Provided entries
--- START ---

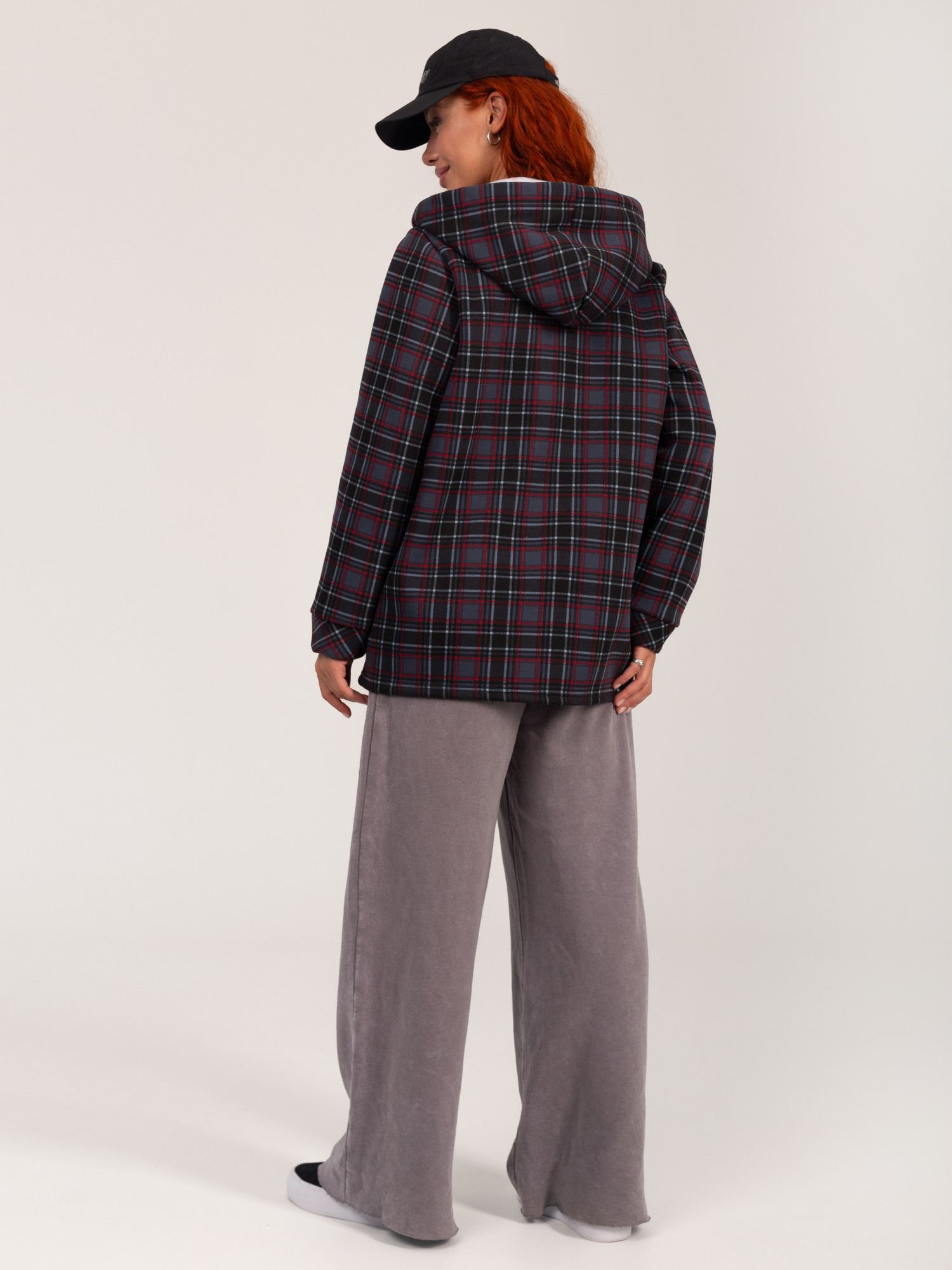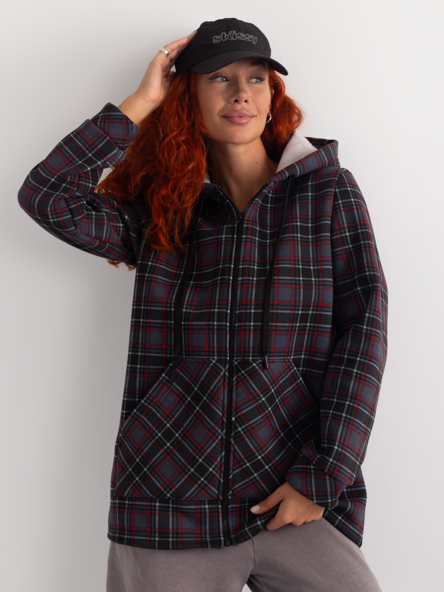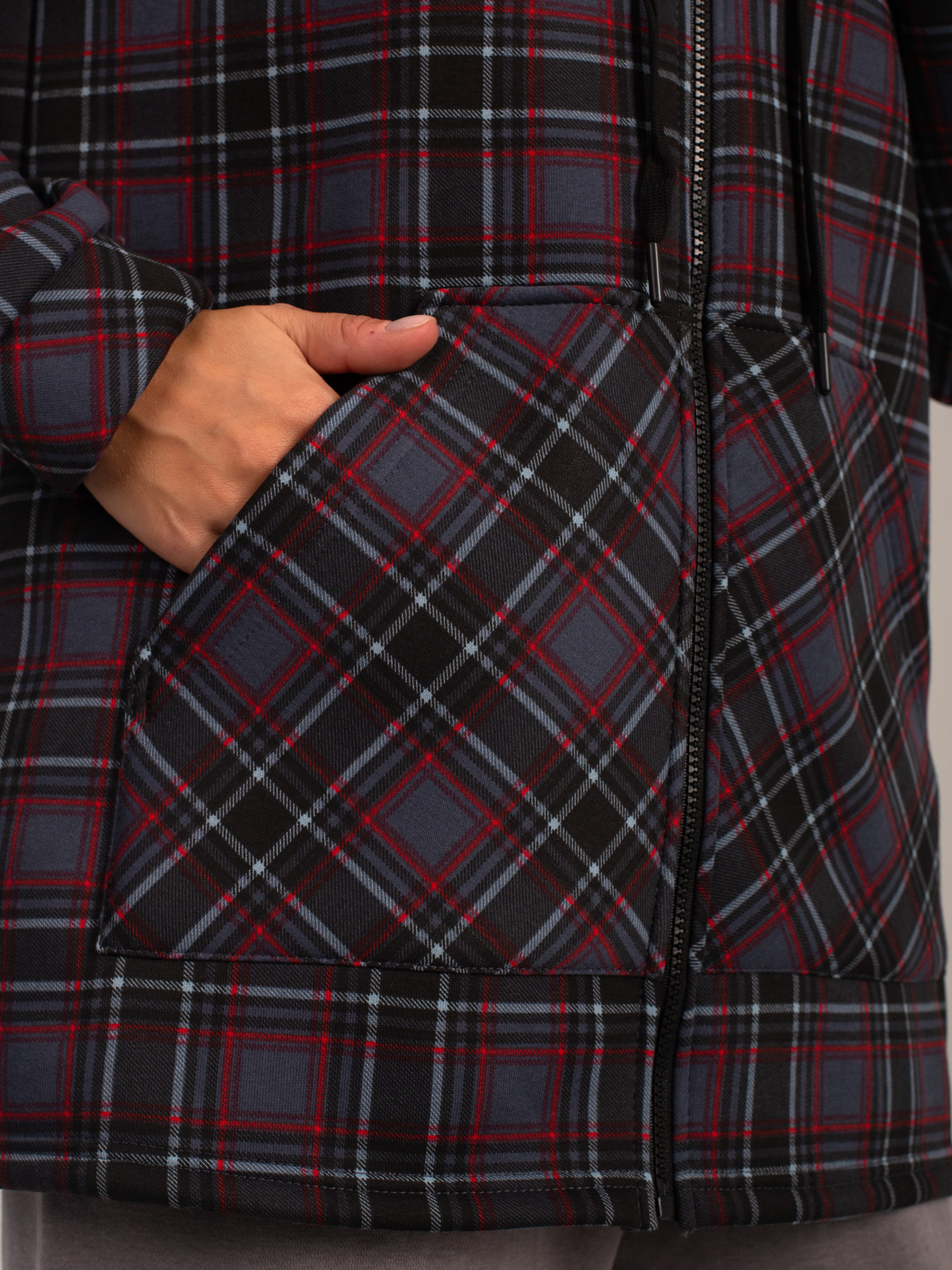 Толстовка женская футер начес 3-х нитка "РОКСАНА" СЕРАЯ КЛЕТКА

--- END ---
--- START ---

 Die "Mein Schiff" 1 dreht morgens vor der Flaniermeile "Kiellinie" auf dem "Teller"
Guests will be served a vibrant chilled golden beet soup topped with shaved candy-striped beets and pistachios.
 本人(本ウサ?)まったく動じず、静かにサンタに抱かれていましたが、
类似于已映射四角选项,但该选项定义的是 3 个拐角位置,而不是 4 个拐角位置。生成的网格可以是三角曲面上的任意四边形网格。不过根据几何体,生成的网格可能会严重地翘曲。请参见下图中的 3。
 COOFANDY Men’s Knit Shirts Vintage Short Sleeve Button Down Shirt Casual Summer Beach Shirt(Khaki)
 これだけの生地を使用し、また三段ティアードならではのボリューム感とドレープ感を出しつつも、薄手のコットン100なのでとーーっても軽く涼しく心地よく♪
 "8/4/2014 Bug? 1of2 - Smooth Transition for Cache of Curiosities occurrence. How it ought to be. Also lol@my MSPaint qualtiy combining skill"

--- END ---

Task statement
Once you find the line with "1 dreht morgens" above, print it and every line after it up to and including the line with "これだけの生地を使用し、また", exactly as written and nothing else.

Answer section
 Die "Mein Schiff" 1 dreht morgens vor der Flaniermeile "Kiellinie" auf dem "Teller"
Guests will be served a vibrant chilled golden beet soup topped with shaved candy-striped beets and pistachios.
 本人(本ウサ?)まったく動じず、静かにサンタに抱かれていましたが、
类似于已映射四角选项,但该选项定义的是 3 个拐角位置,而不是 4 个拐角位置。生成的网格可以是三角曲面上的任意四边形网格。不过根据几何体,生成的网格可能会严重地翘曲。请参见下图中的 3。
 COOFANDY Men’s Knit Shirts Vintage Short Sleeve Button Down Shirt Casual Summer Beach Shirt(Khaki)
 これだけの生地を使用し、また三段ティアードならではのボリューム感とドレープ感を出しつつも、薄手のコットン100なのでとーーっても軽く涼しく心地よく♪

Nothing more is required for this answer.